After completion it is expected to generate 10,000 permanent jobs.

“The Government will grant Garuda management and operation rights for 30 years, to be extended by 10 years under certain circumstances, to cover the cost of project execution and to repay principle debts,” the news agency cited Koenigsberg sa saying.

Construction of the Ha Noi airport was expected to be carried out in three stages, the first from next year run until 2015 at a cost of US$4 billion, the second from 2015-18 would cost US$1.5 billion and the last phase would cost US$2.5 billion.

Phase one would accommodate 480 flights a day and 35 million passengers a year. Capacity would grow to about 850 flights daily and 62 million passengers annually by 2025 and to 1,096 flights daily and 80 million passengers annually by 2035.

“The new airport is due to replace the overloaded Noi Bai International Airport, which will likely be relegated to domestic flights only,” Koenigsberg said, adding that Noi Bai has reached its capacity at over 15 million passengers annually.

Last month, Garuda Group also agreed with the Middle Airport Corporation to establish a joint venture to build Chu Lai International Airport in the central province of Quang Nam. It was expected that Chu Lai would be larger than neighbouring Da Nang Airport.

“Spanish enterprises are ready to come here and we see potential in trade and investment between Spain and Vietnam,” he said.

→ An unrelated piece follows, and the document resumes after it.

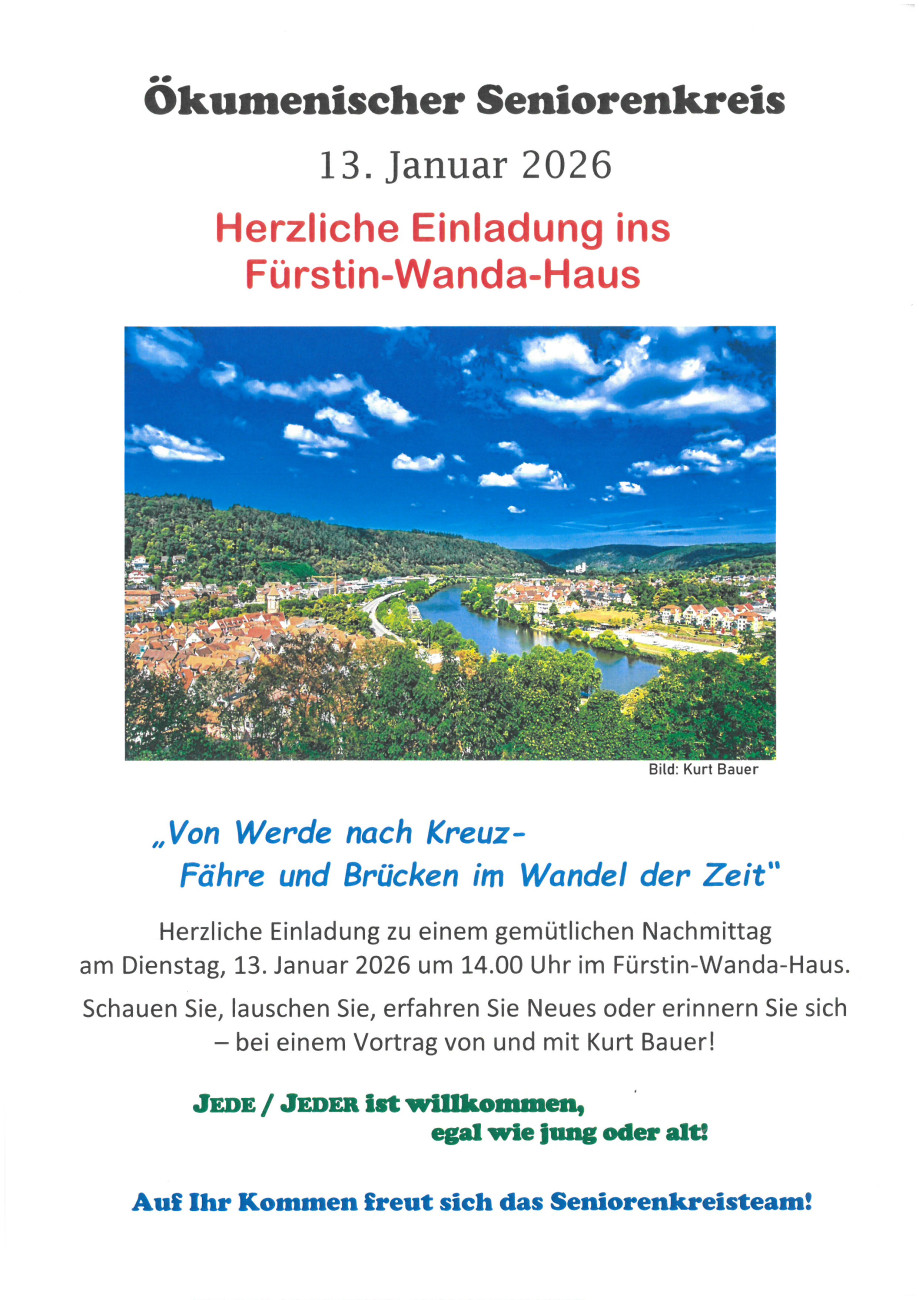 Herzliche Einladung des ökumenischen Seniorenkreises Kreuzwertheim zu einem gemütlichen Nachmittag am Dienstag, 13. Januar 2026 um 14.00 Uhr im Fürstin-Wanda-Haus.

Chu Lai had an annual capacity of 2.25 million passengers and 1.5 million tonnes of cargo by 2015 and 4.1 million passengers and 5 million tonnes of cargo by 2025.

Koenigsberg said Chu Lai was chosen because it was an important gate to central Viet Nam and was near Dung Quat and Chu Lai economic zones, Hoi An and the seaports of Ky Ha and Lien Chieu.

The group set up an office in Hanoi last year, providing consulting, investment and construction services for infrastructure projects, market surveys, trade and others.

The office will promote co-operative projects between Spain and Viet Nam. It also intends to set up an office in HCM City.

(BERNAMA)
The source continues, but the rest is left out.